These are the key concepts you need to understand to accurately answer the question.

First Law of Thermodynamics
The First Law of Thermodynamics is a fundamental principle in physics that helps us understand how energy moves and changes form. Essentially, it states that energy cannot be created or destroyed; it can only change forms. This law is often connected to a simple but powerful equation:
  • \( \Delta Q = \Delta U + \Delta W \)
This equation tells us that the change in energy added to a system by heating (\( \Delta Q \)) is equal to the change in internal energy (\( \Delta U \)) plus the work done by the system (\( \Delta W \)). The equation is like a balance sheet for energy. It helps us track where energy goes within a system, whether it stays inside as internal energy or escapes as work.
For this exercise, let's assume a system where water heats up. The work done (\( \Delta W \)) is zero because we are ignoring expansion. Thus, any energy we add as heat directly increases the water's internal energy. This helps us solve the problem more straightforwardly, focusing purely on the heat energy that changes the water's temperature.
Internal Energy Change
Internal energy is a fascinating concept. It refers to the total energy contained within a system. This energy arises from all the particles that make up the system, depending on their speed, type, and arrangement.

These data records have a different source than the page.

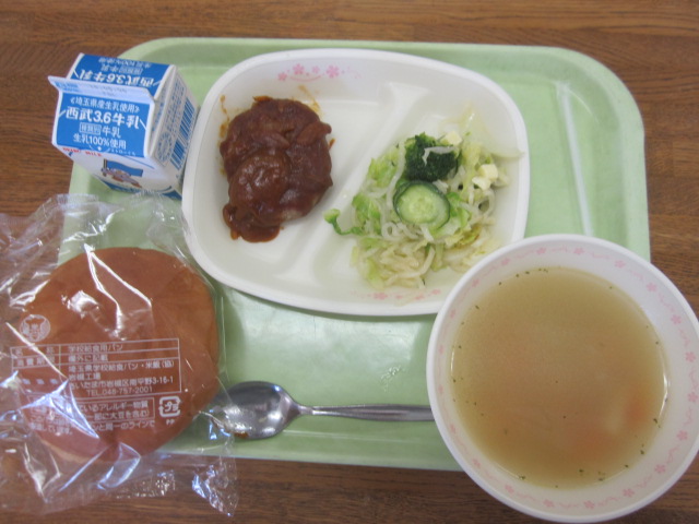 デミグラスソース味のハンバーグでパンにはさんで食べます。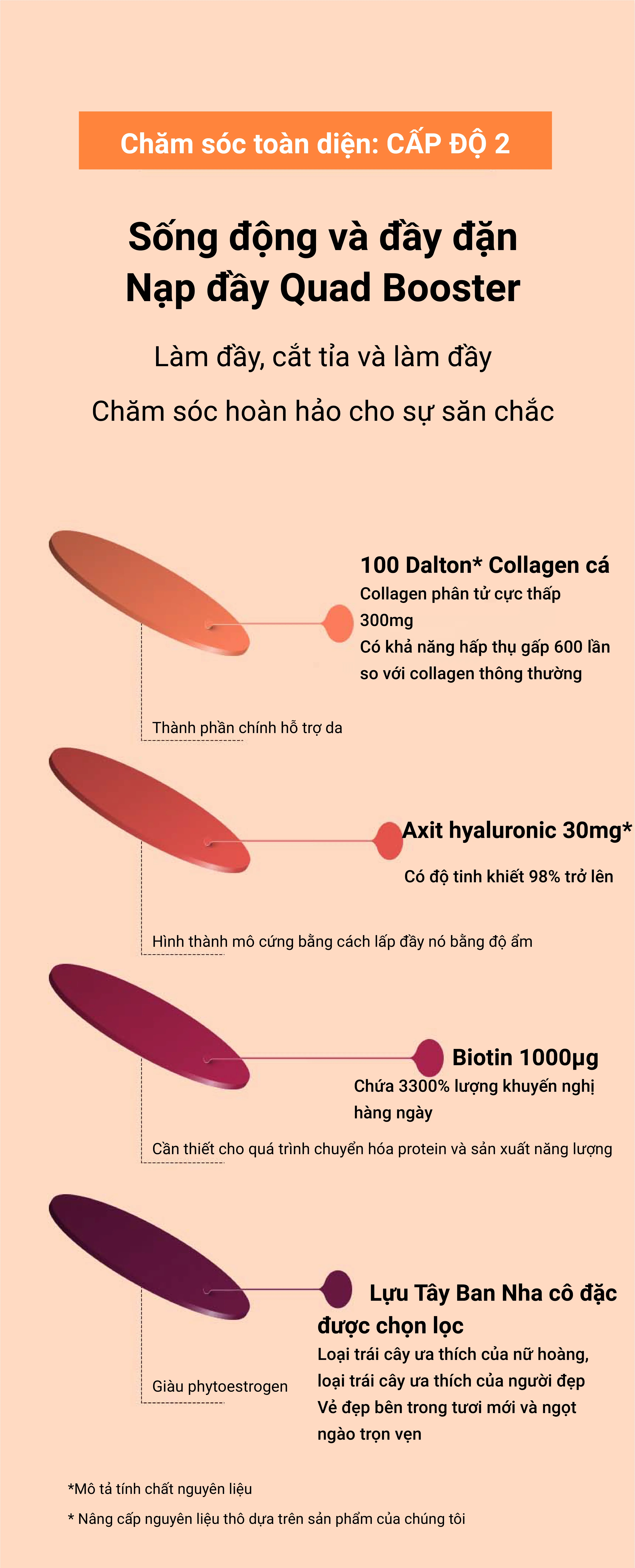 L- Glutathion, L- Cysteine, Vitamin C, Biotin, 300 Dalton collagen, Peptide đàn hồi, Tinh chất lựu cô đặc...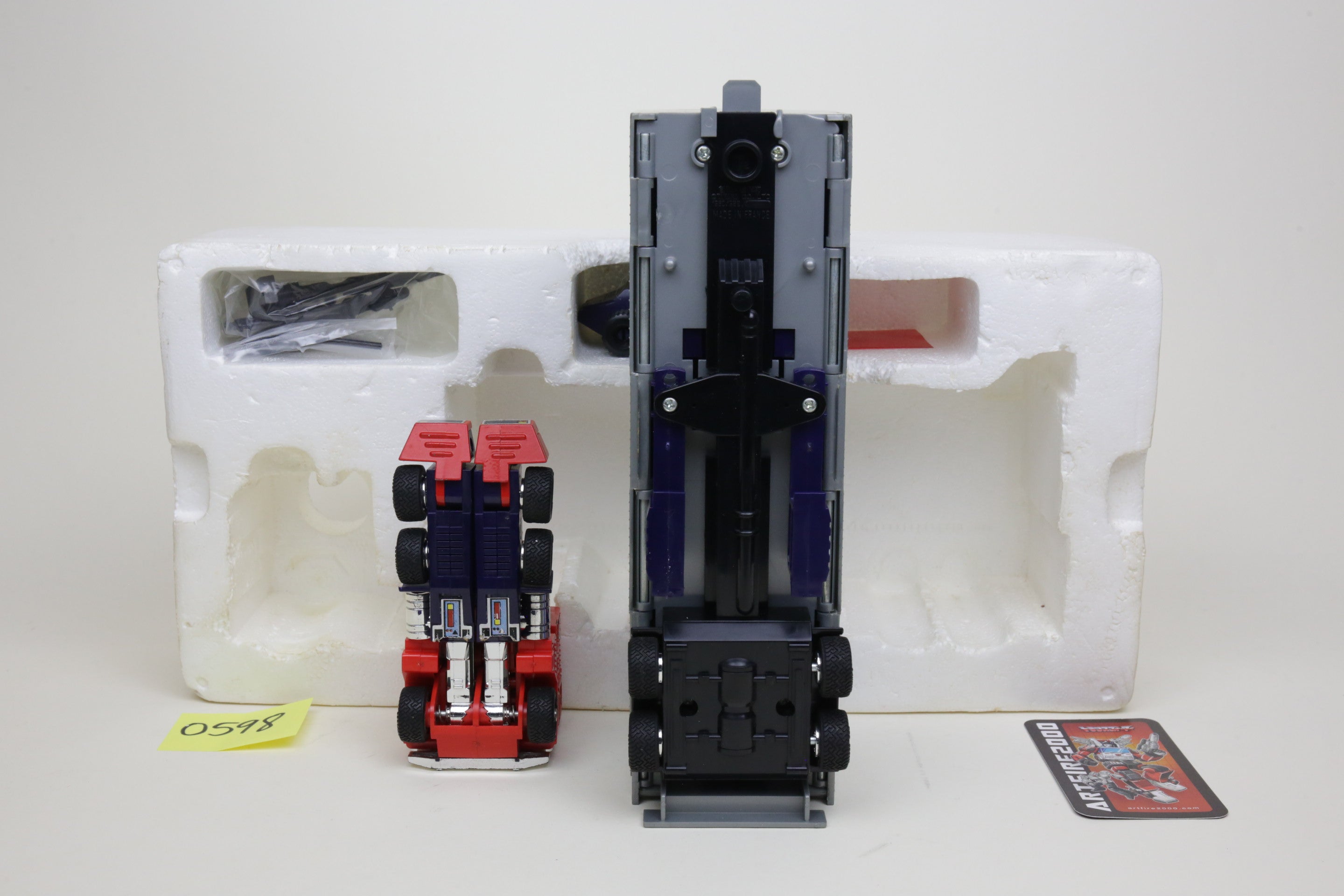 This the elusive European exclusive red footed Optimus, complete with all parts in a box that displays well.

When you add heat to water, its internal energy changes, as the heat energizes the water molecules, making them move faster. In this exercise, we determined that the water's internal energy changed by about 3347.2 joules once it was heated.

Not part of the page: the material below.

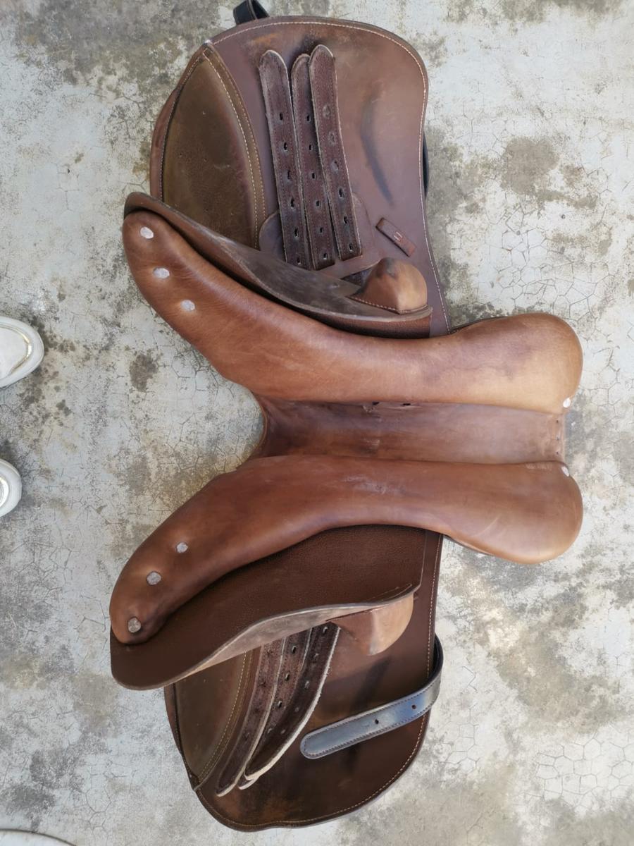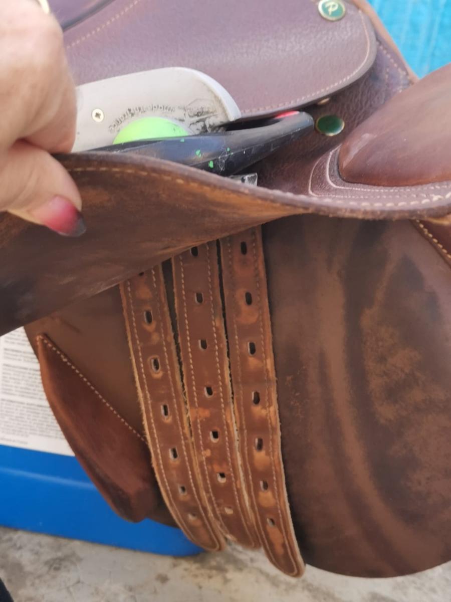 Quelques traces d’usures au niveau des étrivières et un accro en dessous de la selle (ne gêne en rien pour l’usage et le confort).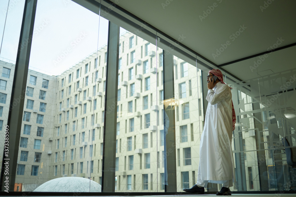 Low angle view wide shot of young Middle Eastern businessman looking out of panoramic window while having phone call, copy space

  • Internal energy change formula: \( \Delta U = \Delta Q - \Delta W \)
  • Since \( \Delta W = 0 \), we simplify it: \( \Delta U = \Delta Q \)
By knowing the specific heat capacity of water, the quantity of water you're working with, and the temperature change, you can accurately calculate this change in internal energy. This is crucial information, especially in fields involving thermodynamics or heat exchange systems.
Temperature Change
Temperature change is another key topic in thermodynamics. It measures how much hotter or colder a substance becomes and connects directly to the energy exchange within the system. In practical terms, the temperature change is what you notice when you heat your tea or when a metal rod heats up on the stove.
In this problem, we calculated the water's temperature change from \( 21^{\circ} \text{C} \) to \( 37^{\circ} \text{C} \). That's a change of \( 16^{\circ} \text{C} \). Because Celsius and Kelvin have the same increment size, this change is equivalent to \( 16 \text{ K} \).
  • Temperature change formula: \( \Delta T = T_f - T_i \)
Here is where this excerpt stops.